Protesters plead with David Crisafulli to keep Indigenous truth-telling inquiry
Aboriginal elders who endured segregation and racial discrimination are pleading with Queensland Premier David Crisafulli to retain the truth-telling inquiry he plans to axe.
Aboriginal elders who endured segregation and racial discrimination are pleading with Queensland’s new Premier David Crisafulli to retain the powerful truth-telling inquiry his government is preparing to axe.
In one of his first acts after the October state election, Mr Crisafulli ordered an immediate end to the independent inquiry, earlier established with Liberal National Party support to probe the impacts of colonisation and publicly air past injustices against First Nations people.
Mr Crisafulli backed Labor’s 2023 laws to set up the three-year inquiry and create a “path to treaty” with First Nations groups, but withdrew his support last year after 68 per cent of Queenslanders voted no in the voice referendum.

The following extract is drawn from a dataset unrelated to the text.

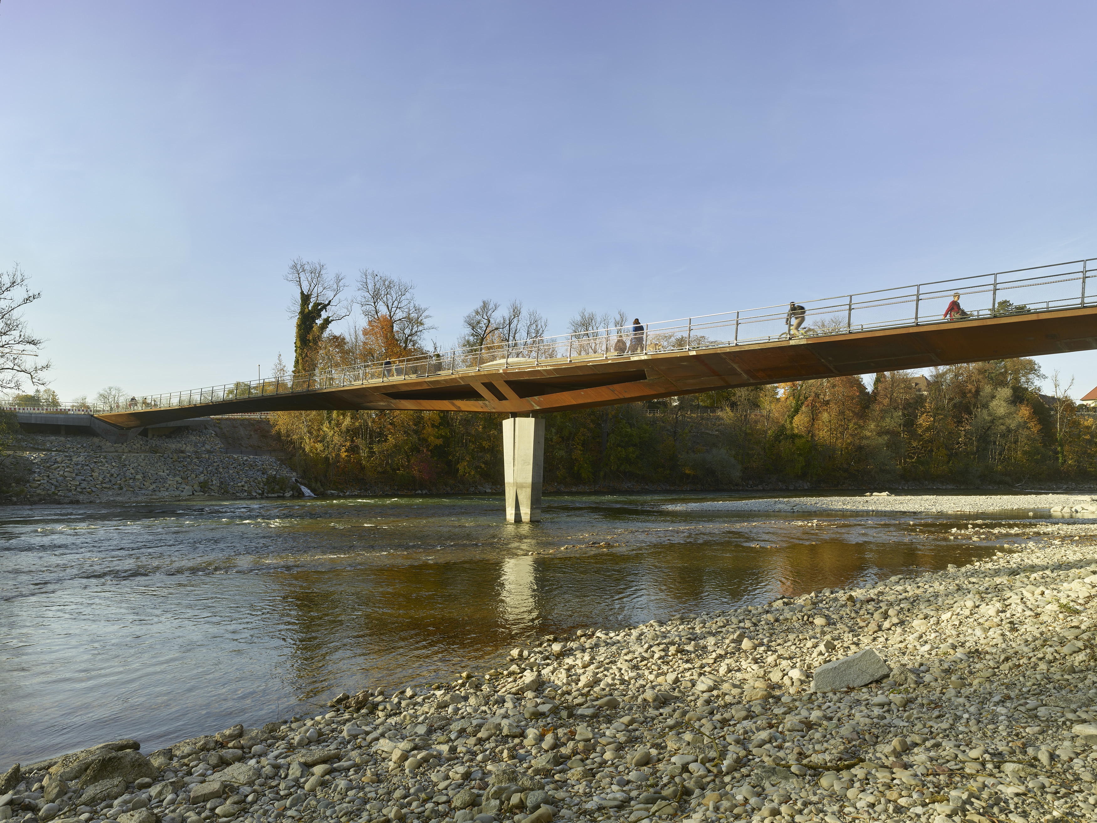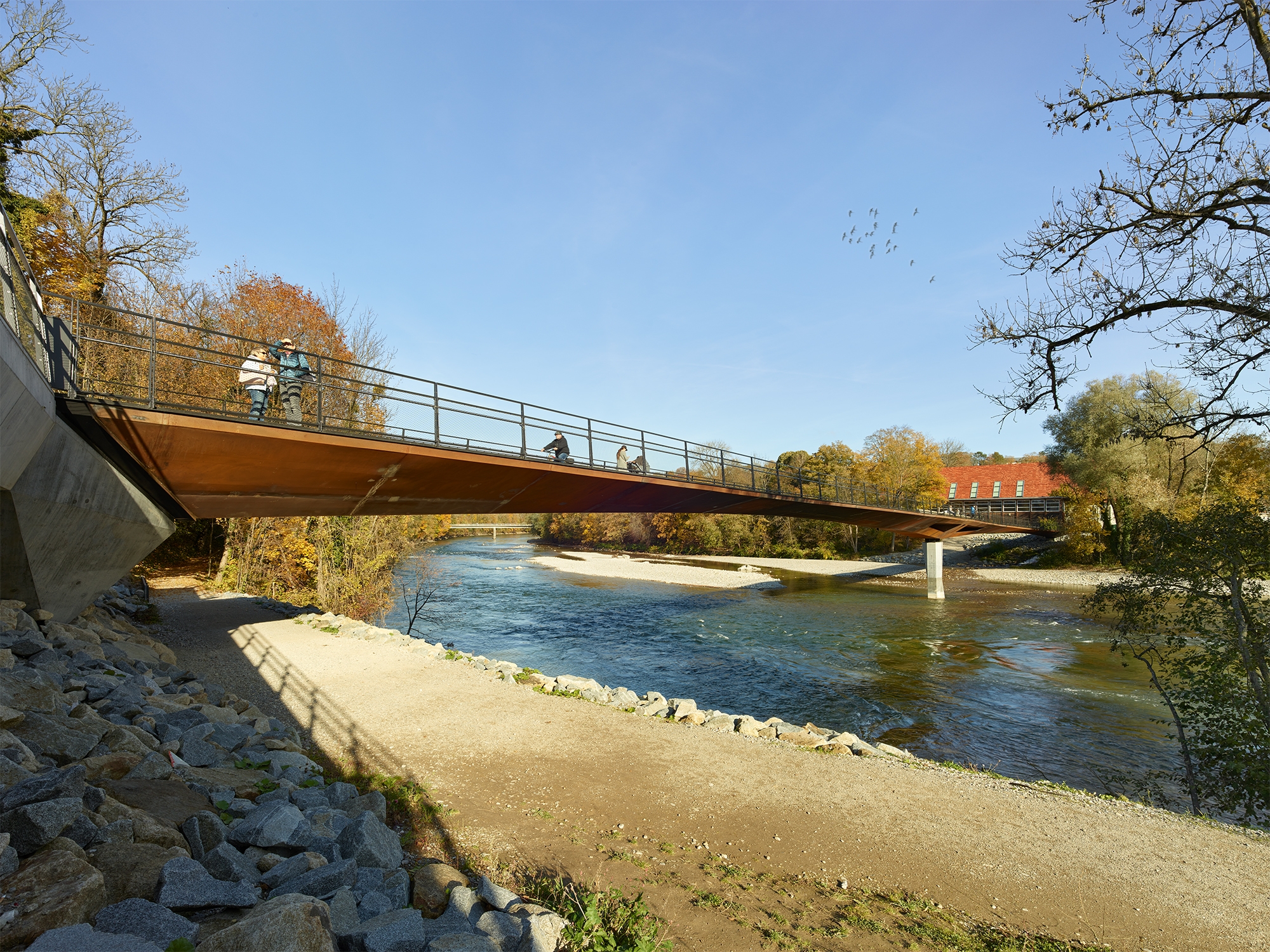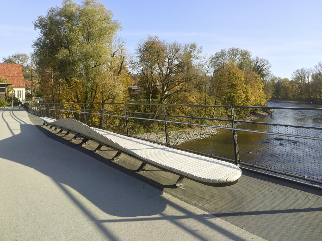 The new Lady-Herkommer Bridge for pedestrians and cyclists is an important urban design element for the future development of Landsberg am Lech. The structure was integrated respectfully and sensitively into the valuable natural environment of the Lech. A minimal, simple, and clear design language highlights the outstanding engineering artistry. Through a central viewing platform on the bridge, which logically results from its design, the new structure becomes a place to stay and gather.

A group of about 150 protesters gathered outside state parliament on Tuesday morning, on the first sitting day since the election, calling on Mr Crisafulli to keep public hearings running to ensure a true record of Queensland's history.
Ngugi elder Bob Anderson, who grew up in Brisbane when “boundary” streets prohibited Indigenous people from entering the city at night, said truth-telling and the collection of the oral history was “very, very meaningful” to him.
“It opens up and clears the pathway upon which we travel as a society and as a nation,” said the 95-year-old longtime activist and original native title claimant to Mulgumpin (Moreton Island).
“People have got to have the opportunity to release themselves from the stress that they’ve encountered.”
Gamilaraay man Paul Spearim – the father of Australian musician Thelma Plum – also implored Mr Crisafulli to continue public hearings, telling the crowd that elders such as Mr Anderson had spent their lives campaigning for Indigenous rights and should have the opportunity to share their stories.
“Nothing about us, without us,” said Mr Spearim, the Queensland Conservation Council’s Protect Country Strategist.
“I work with First Nations people. We don’t go into community telling them what to do; we go into community asking them what they want us to do. That is how we heal ourselves and work positively and respectfully with our First Nations people.”
Inquiry chair Josh Creamer last week decided to resume operations despite the state government’s directive to cease work, because it has not yet moved to repeal the Path to Treaty legislation that enshrines the inquiry.
At a press conference held inside parliament while protesters were gathered outside, Deputy Premier Jarrod Bleijie confirmed the government would formally repeal laws but would not say when.
“There might be 150 protesters but five million Queenslanders passed a vote on the 26th of October for the government to scrap path to treaty, and we have a mandate, and that’s what we’re going to do,” he said.
“We had a position that we were not going to proceed with path to treaty and truth-telling, we put that position to the people of Queensland and people of Queensland voted for a fresh start.”
Labor MP Leeanne Enoch, the first Aboriginal woman elected to Queensland parliament, who attended Tuesday’s protest with opposition MPs, said truth-telling could give government practical solutions to close the gap.
“There’s nothing to be afraid of in telling the truth. What is there to be afraid of? The data, the history, the evidence?” she said.